Material provided:

▽

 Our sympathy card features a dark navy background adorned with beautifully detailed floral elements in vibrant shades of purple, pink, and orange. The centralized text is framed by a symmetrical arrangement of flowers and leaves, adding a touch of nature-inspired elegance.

△
▽

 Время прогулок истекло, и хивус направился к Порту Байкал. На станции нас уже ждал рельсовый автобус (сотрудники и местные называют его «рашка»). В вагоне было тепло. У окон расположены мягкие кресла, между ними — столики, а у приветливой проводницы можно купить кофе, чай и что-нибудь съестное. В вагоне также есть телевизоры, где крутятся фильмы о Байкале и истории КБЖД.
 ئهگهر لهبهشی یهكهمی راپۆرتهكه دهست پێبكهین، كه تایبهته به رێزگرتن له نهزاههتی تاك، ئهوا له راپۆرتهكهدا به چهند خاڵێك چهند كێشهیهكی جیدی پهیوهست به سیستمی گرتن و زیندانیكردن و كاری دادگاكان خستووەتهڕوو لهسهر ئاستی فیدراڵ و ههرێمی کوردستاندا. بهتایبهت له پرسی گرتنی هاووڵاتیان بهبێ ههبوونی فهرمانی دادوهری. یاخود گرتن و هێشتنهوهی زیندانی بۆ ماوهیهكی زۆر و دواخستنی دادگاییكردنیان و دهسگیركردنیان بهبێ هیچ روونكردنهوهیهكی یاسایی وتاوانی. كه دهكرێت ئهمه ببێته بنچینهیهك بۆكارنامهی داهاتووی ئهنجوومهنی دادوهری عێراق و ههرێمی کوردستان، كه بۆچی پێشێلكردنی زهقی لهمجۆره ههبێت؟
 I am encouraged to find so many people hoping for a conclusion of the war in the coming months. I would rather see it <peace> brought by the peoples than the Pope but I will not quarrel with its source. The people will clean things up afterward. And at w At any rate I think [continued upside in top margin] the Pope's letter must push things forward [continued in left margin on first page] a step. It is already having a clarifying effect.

△
▽

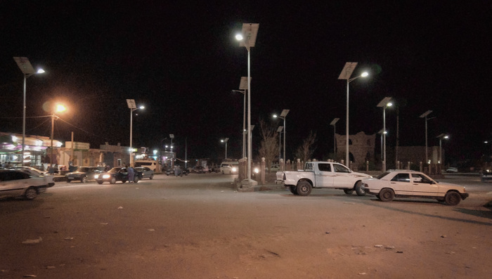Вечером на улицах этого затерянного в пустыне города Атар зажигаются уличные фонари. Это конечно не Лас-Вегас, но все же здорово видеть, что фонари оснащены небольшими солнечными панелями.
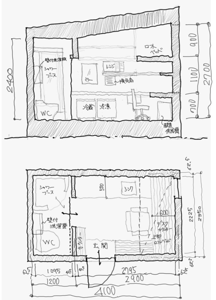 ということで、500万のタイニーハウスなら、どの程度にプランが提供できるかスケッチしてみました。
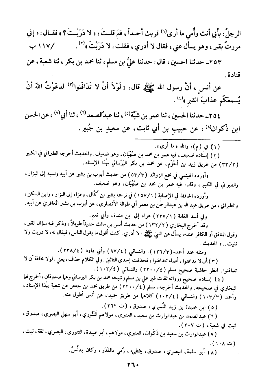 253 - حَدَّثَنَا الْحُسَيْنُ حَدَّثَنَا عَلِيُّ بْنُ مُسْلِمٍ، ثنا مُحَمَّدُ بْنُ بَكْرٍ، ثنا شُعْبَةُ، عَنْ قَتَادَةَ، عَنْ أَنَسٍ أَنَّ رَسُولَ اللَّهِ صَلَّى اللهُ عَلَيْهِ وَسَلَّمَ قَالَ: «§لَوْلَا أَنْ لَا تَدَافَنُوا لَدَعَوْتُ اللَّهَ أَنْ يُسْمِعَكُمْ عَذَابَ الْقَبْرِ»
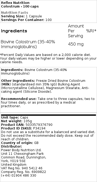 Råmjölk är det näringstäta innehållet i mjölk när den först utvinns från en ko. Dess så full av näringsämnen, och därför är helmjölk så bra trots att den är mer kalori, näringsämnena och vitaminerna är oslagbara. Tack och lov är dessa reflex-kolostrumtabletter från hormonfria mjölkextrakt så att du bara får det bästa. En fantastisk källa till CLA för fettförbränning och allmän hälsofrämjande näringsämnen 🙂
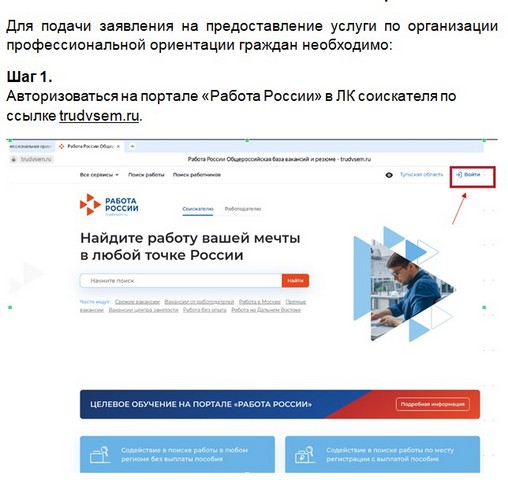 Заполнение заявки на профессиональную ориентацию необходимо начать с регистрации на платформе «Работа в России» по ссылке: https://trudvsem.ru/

△

Task requirements:
Where a line of the data contains "with", copy that line.

Solution:
 Our sympathy card features a dark navy background adorned with beautifully detailed floral elements in vibrant shades of purple, pink, and orange. The centralized text is framed by a symmetrical arrangement of flowers and leaves, adding a touch of nature-inspired elegance.
 I am encouraged to find so many people hoping for a conclusion of the war in the coming months. I would rather see it <peace> brought by the peoples than the Pope but I will not quarrel with its source. The people will clean things up afterward. And at w At any rate I think [continued upside in top margin] the Pope's letter must push things forward [continued in left margin on first page] a step. It is already having a clarifying effect.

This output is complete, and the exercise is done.